EXERCISE:
Look through the data below and output, unchanged, every line from the one holding "Geriffelte (anschraubbare) Unterlegplatten" through the one holding "根据官方的数据,酷比魔方 iWork GT", inclusive. Skip the pictures.
--- DATA ---
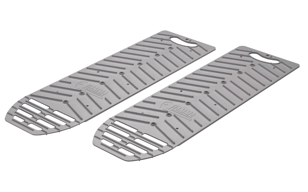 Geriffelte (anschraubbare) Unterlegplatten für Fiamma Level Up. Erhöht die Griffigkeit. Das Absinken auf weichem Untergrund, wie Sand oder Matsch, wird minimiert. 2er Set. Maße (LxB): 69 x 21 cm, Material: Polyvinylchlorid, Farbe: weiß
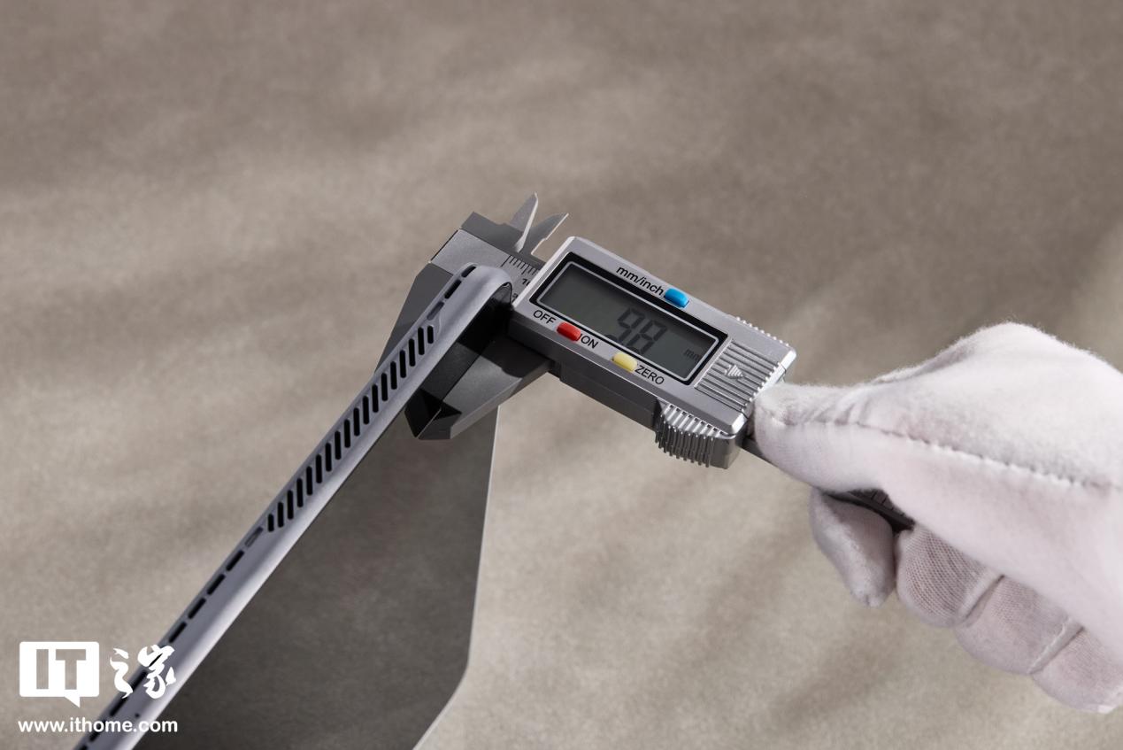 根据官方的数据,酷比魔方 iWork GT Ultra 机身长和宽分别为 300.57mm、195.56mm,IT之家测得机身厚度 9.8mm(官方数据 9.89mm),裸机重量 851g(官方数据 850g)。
---
--- DATA ---
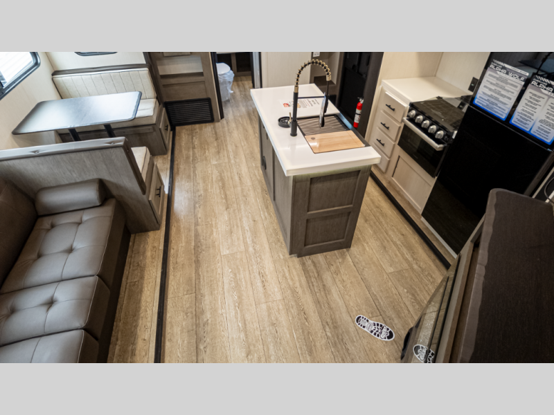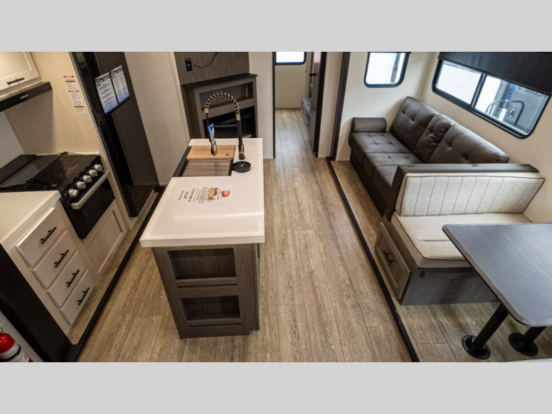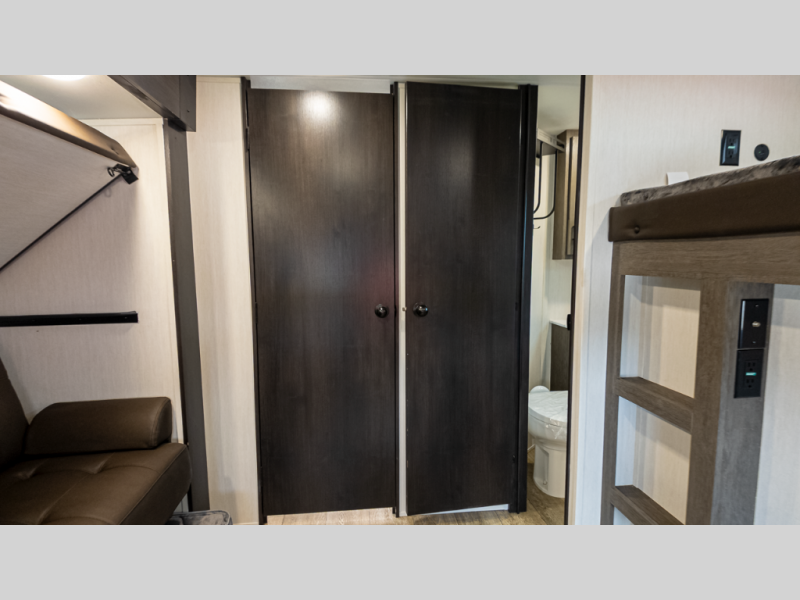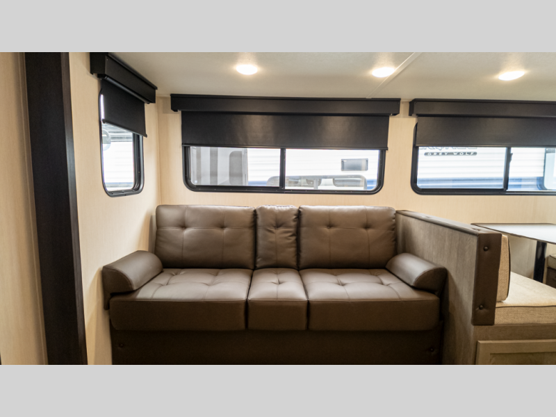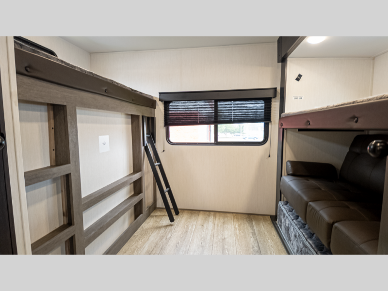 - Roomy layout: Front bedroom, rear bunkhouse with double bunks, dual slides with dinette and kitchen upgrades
---
ANSWER BOX:
 Geriffelte (anschraubbare) Unterlegplatten für Fiamma Level Up. Erhöht die Griffigkeit. Das Absinken auf weichem Untergrund, wie Sand oder Matsch, wird minimiert. 2er Set. Maße (LxB): 69 x 21 cm, Material: Polyvinylchlorid, Farbe: weiß
 根据官方的数据,酷比魔方 iWork GT Ultra 机身长和宽分别为 300.57mm、195.56mm,IT之家测得机身厚度 9.8mm(官方数据 9.89mm),裸机重量 851g(官方数据 850g)。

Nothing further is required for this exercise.